Step C: Symbolic linking. Point the evaluation suite to the new submission.

# Remove previous link and point to the current team
rm -rf simulation/leaderboard/team_code
ln -s ${PWD}/submissions/Team-A simulation/leaderboard/team_code

2. Environment Setup

To prevent discrepancies caused by library version mismatches, build a fresh environment for every team.

# Build the team's specific environment
conda env create -f submissions/Test-Team/model_env.yaml -n mdrive_eval_test
conda activate mdrive_eval_test

3. Checkpoint Evaluation

Step A: Inject the standardized CARLA paths into the active team environment.

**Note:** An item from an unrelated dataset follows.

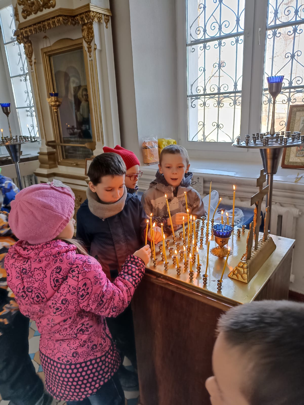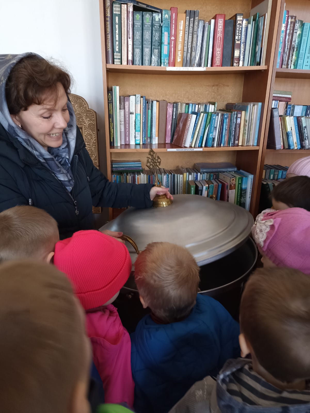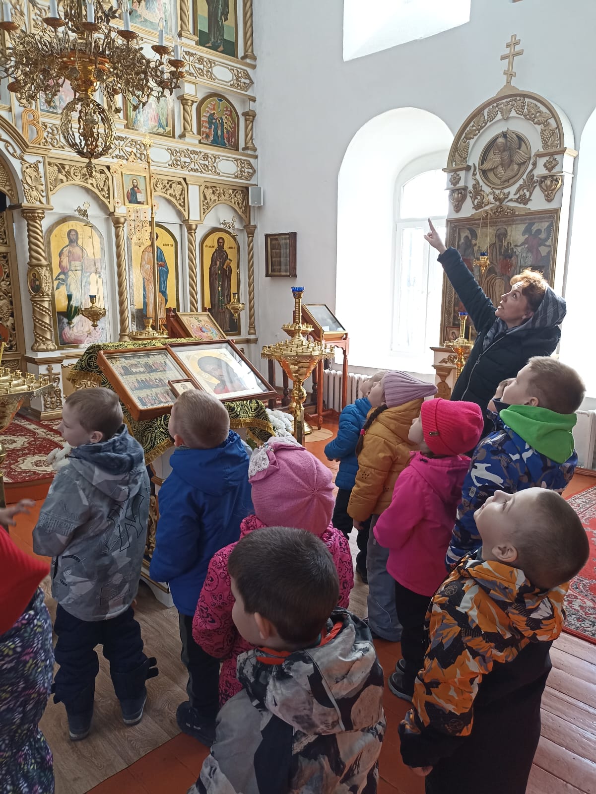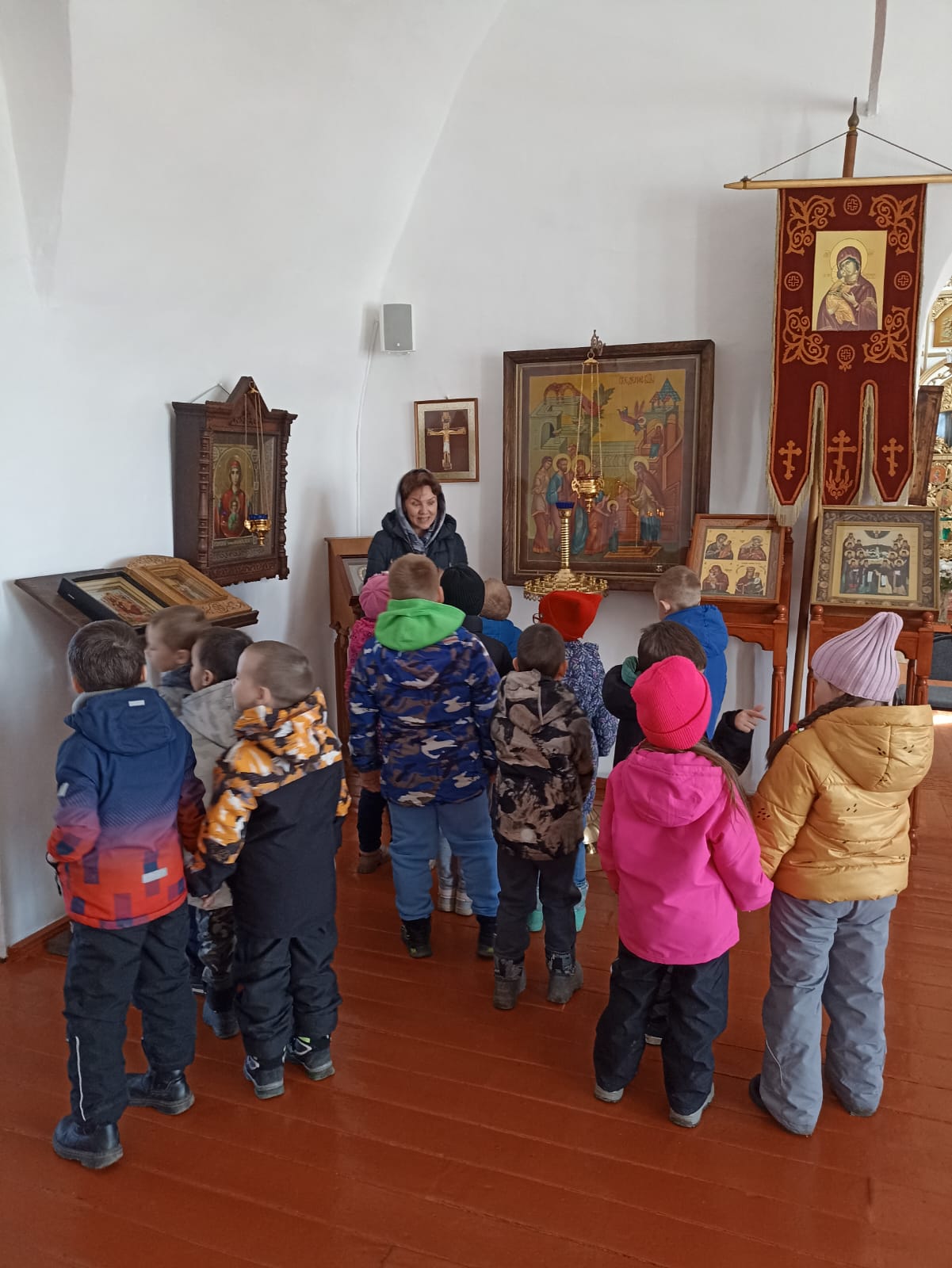 Воспитанники подготовительной группы №2 участвовали в экскурсии в церковь Введения во храм Пресвятой Богородицы, которую провела директор воскресной школы Милюкова Ирина Евгеньевна в сопровождении воспитателей Лисиенковой Галины Ивановны, Чупиной Валентины Вячеславовны, музыкального руководителя Григорьевой Елены Анатольевны. Ирина Евгеньевна в доступной форме рассказала дошкольникам о православном храме, особенностях его архитектуры. Дети увидели устройство храма внутри, рассматривали иконы, ставили свечи. Вспоминали православные праздники, слушали рассказы о святых, о милосердии, о других христианских заповедях.

export CARLA_ROOT=${CARLA_ROOT:-$PWD/carla912}
export PYTHONPATH=$PYTHONPATH:$CARLA_ROOT/PythonAPI/carla/dist/carla-0.9.12-py3.7-linux-x86_64.egg

Step B: Running VLM, LLM (from repository root)

# Enter conda ENV
conda activate vllm
# VLM on call
CUDA_VISIBLE_DEVICES=6 vllm serve ckpt/colmdriver/VLM --port 1111 --max-model-len 8192 --trust-remote-code --enable-prefix-caching

# LLM on call (in new terminal, with vllm env activated)
CUDA_VISIBLE_DEVICES=7 vllm serve ckpt/colmdriver/LLM --port 8888 --max-model-len 4096 --trust-remote-code --enable-prefix-caching

Make sure CUDA_VISIBLE_DEVICES is set to an available GPU (nvidia-smi). If you use ports other than 1111/8888, update comm_client and vlm_client in simulation/leaderboard/team_code/agent_config/colmdriver_config.yaml.

Step C: Run evaluation

# ==============================================================================
# BATCH 1: OpenCDA Scenarios (12 ZIPs)
# ==============================================================================
echo ">>> [BATCH 1/3] Running OpenCDA Scenarios..."
SCENARIO_DIR="opencdascenarios"
for zipfile in "$SCENARIO_DIR"/*.zip; do
    name=$(basename "$zipfile" .zip)
    $RUN_CMD tools/run_custom_eval.py \
      --zip "$zipfile" \
      --scenario-name "$name" \
      --results-tag "${name}_${TEAM_NAME}" \
      --agent "$SUB_DIR/agents.py" \
      --agent-config "$SUB_DIR/config/submission_config.yaml" \
      --port $PORT
done

# ==============================================================================
# BATCH 2: InterDrive Benchmark (Full Suite)
# ==============================================================================
echo ">>> [BATCH 2/3] Running InterDrive All..."
# Note: eval_mode.sh must be present in your scripts/eval directory
bash scripts/eval/eval_mode.sh $GPU $PORT $TEAM_NAME ideal Interdrive_all

# ==============================================================================
# BATCH 3: Warmup Scenarios
# ==============================================================================
echo ">>> [BATCH 3/3] Running Warmup Scenarios..."
$RUN_CMD tools/run_custom_eval.py \
    --routes-dir "warmupscenarios" \
    --agent "$SUB_DIR/agents.py" \
    --agent-config "$SUB_DIR/config/submission_config.yaml" \
    --port $PORT \
    --results-tag "warmup_${TEAM_NAME}"

echo "Evaluation Complete for $TEAM_NAME."

Step D: Record DS and SR. Extract the Driving Score (DS) and Success Rate (SR) from the generated summary.json. Verify logs manually if the score is unexpectedly low to ensure no simulator glitches occurred.